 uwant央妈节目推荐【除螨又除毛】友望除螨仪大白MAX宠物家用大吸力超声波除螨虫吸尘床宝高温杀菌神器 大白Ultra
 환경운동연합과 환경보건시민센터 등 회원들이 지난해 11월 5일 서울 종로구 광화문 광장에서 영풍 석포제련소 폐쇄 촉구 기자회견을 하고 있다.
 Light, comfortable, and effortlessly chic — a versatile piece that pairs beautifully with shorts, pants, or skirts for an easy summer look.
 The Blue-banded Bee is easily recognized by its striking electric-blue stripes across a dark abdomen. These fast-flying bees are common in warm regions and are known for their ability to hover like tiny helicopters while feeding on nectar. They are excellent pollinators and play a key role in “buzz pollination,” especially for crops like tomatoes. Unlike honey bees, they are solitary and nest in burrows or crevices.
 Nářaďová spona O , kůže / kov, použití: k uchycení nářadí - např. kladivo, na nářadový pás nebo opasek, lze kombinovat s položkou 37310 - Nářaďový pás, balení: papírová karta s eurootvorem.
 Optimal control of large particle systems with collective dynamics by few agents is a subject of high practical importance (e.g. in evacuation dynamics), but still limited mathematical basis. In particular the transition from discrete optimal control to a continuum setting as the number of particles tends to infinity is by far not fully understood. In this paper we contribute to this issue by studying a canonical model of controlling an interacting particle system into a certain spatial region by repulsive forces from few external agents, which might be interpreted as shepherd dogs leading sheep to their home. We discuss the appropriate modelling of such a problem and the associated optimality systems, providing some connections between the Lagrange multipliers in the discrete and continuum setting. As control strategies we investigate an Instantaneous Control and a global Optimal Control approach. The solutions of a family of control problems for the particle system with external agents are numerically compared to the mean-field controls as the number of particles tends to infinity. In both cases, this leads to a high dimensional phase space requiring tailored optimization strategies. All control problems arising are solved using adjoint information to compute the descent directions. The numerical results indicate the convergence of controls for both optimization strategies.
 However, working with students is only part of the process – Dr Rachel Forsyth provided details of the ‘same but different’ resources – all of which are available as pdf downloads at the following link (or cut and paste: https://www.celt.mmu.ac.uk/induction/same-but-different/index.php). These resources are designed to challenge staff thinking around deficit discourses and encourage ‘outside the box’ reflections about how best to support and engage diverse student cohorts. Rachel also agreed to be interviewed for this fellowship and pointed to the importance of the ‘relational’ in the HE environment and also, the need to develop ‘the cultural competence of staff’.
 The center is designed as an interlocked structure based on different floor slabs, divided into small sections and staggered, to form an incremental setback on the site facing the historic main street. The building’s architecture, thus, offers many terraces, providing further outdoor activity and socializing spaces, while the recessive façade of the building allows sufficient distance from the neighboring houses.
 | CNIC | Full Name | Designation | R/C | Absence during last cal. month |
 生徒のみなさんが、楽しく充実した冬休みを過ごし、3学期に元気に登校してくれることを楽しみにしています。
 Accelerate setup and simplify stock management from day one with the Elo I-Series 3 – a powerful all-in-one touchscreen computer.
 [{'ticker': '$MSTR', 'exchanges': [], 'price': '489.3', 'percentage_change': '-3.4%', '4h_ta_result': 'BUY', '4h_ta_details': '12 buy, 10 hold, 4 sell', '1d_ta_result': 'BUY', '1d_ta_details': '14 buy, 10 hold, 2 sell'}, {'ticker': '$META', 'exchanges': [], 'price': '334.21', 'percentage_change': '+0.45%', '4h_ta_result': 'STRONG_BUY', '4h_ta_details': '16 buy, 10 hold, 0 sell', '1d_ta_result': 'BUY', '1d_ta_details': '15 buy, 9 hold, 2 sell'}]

........

## Exercise instructions
Once you find the line with "Nářaďová spona O" in the entries above, output it and each line after it up to and including the line with "Optimal control of", and nothing else.

## Reply to the task
 Nářaďová spona O , kůže / kov, použití: k uchycení nářadí - např. kladivo, na nářadový pás nebo opasek, lze kombinovat s položkou 37310 - Nářaďový pás, balení: papírová karta s eurootvorem.
 Optimal control of large particle systems with collective dynamics by few agents is a subject of high practical importance (e.g. in evacuation dynamics), but still limited mathematical basis. In particular the transition from discrete optimal control to a continuum setting as the number of particles tends to infinity is by far not fully understood. In this paper we contribute to this issue by studying a canonical model of controlling an interacting particle system into a certain spatial region by repulsive forces from few external agents, which might be interpreted as shepherd dogs leading sheep to their home. We discuss the appropriate modelling of such a problem and the associated optimality systems, providing some connections between the Lagrange multipliers in the discrete and continuum setting. As control strategies we investigate an Instantaneous Control and a global Optimal Control approach. The solutions of a family of control problems for the particle system with external agents are numerically compared to the mean-field controls as the number of particles tends to infinity. In both cases, this leads to a high dimensional phase space requiring tailored optimization strategies. All control problems arising are solved using adjoint information to compute the descent directions. The numerical results indicate the convergence of controls for both optimization strategies.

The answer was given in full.